Vars_train, Vars_test, Result_train, Result_test = train_test_split(Vars, Result, test_size = .20, random_state = 40)
regr = linear_model.LinearRegression()
regr.fit(Vars_train, Result_train)
predicted = regr.predict(Vars_test)
When I try to use the ols method as follows, I get an invalid syntax error. I've tried different variations to no avail.
fit1 = ols('Eng as % of Followers ~ C(Day of Week) + C(Hour Created) + C(Media Type)', data=Training).fit()
One way to make sure that you are doing dummy coding correctly is to convert the columns to str
types.
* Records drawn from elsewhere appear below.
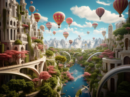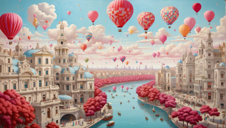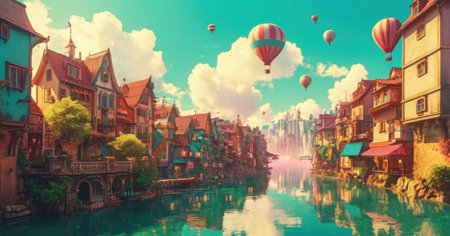Fantasy cityscape with colorful hot air balloons flying in the sky over a river and beautiful buildings.
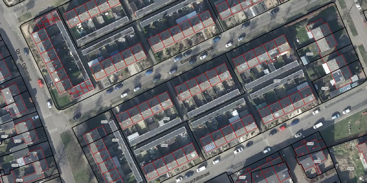 Het perceel waarop Eisenhowerstraat 12 staat heeft een oppervlakte van 1685 m². Dit is een zeer groot perceel. De perceeloppervlakte wordt geregistreerd door het Kadaster. Gedetailleerde informatie over de maten van dit perceel kunt u vinden in het rapport Kadastrale kaart met maatvoering van Eisenhowerstraat 12.
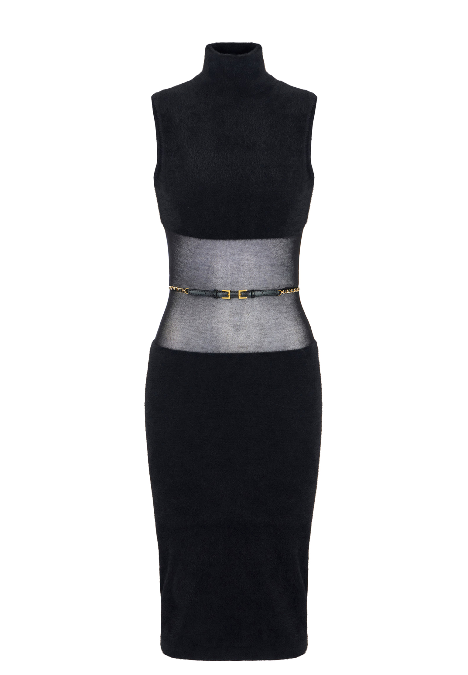 Трикотажное платье от Elisabetta Franchi — это синоним элегантности и современного стиля. Приталенный крой безупречно выделяет силуэт, создавая утонченный и женственный образ. Отсутствие рукавов вместе с высоким воротом добавляет модели строгости и изысканности, делая его подходящим как для деловых встреч, так и для вечерних выходов. Юбка-карандаш придает образу классическую нотку, подчеркивая бедра и придавая фигуре стройность. Особое внимание привлекает полупрозрачная линия талии, которая придает этому изделию воздушность и легкость, а тонкий ремень добавляет акцент на изяществе талии, завершая образ с элегантной утонченностью. Это платье — идеальный выбор для тех, кто ищет баланс между изяществом и современной модой.
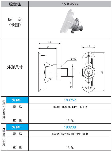 221483/SSGON 15*45 SI-PT1/8 M/SSGON 15*45 SI·HT1 -PT1/8M直径15x45mm长圆形吸盘

In your case you want consider Hour Created
as categorical though it is numeric in nature, so it is better to convert them to strings before doing dummy coding.
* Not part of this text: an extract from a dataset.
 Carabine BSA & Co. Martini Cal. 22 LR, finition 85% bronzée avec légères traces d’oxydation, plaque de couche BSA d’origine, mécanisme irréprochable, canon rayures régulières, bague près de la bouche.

In order to capture interaction between Day of Week
and Hour Created
do a feature engineering and create your own feature by multiplying Day of Week
and Hour Created
and feed it as an input to your model.
In order to understand/interpret your model you can look at the weights/coefficients of different features which gives an idea of how each and every feature impacts your target variable positively or negatively.
import pandas as pd
from sklearn.linear_model import LinearRegression
from sklearn.model_selection import train_test_split
df
Media Type Eng_as_%_of_Followers Hour_Created Day_of_Week
0 0 Video 0.0136 23 Tuesday
1 1 Video 0.0163 22 Wednesday
2 2 Video 0.0163 22 Tuesday
3 3 Video 0.0196 22 Friday
4 4 Video 0.0179 20 Thursday
5 5 Photo 0.0087 14 Wednesday
df["Hour_Created"] = df["Hour_Created"].astype(str)
df["Interaction"] = df["Hour_Created"] + "_" +df["Day_of_Week"]
X = df.drop("Eng_as_%_of_Followers", axis=1)
Y = df["Eng_as_%_of_Followers"]
X_encoded = pd.get_dummies(X)
X_train, X_test, y_train, y_test = train_test_split(
X_encoded, Y, test_size=0.33, random_state=42)
reg = LinearRegression().fit(X_train, y_train)
coef_dict = dict(zip(X_encoded.columns, reg.coef_))
coef_dict
{'Day_of_Week_Friday': 0.0012837455830388678,
'Day_of_Week_Thursday': 0.0007424028268551229,
'Day_of_Week_Tuesday': -0.0008084805653710235,
'Day_of_Week_Wednesday': -0.0012176678445229678,
'Hour_Created_14': -0.0012176678445229678,
'Hour_Created_20': 0.0007424028268551229,
'Hour_Created_22': 0.0004752650176678456,
'Hour_Created_23': 0.0,
'Interaction_14_Wednesday': -0.0012176678445229678,
'Interaction_20_Thursday': 0.0007424028268551229,
'Interaction_22_Friday': 0.0012837455830388678,
'Interaction_22_Tuesday': -0.0008084805653710235,
'Interaction_22_Wednesday': 0.0,
'Interaction_23_Tuesday': 0.0,
'Media': -0.0008844522968197866,
'Type_Photo': -0.0012176678445229708,
'Type_Video': 0.0012176678445229685}
Of course the results may not be really interesting here, coz I was just working with 6 data points.
Answering your questions
You can find out the y_intercept
using reg.intercept_
Yes you can plug in new values for x and get your target variable by using reg.predict(x)
, where x is your new input.
Regression done by OLS
and sklearn
are one and the same. OLS is nothing but a way to solve the optimization problem which we have in regression.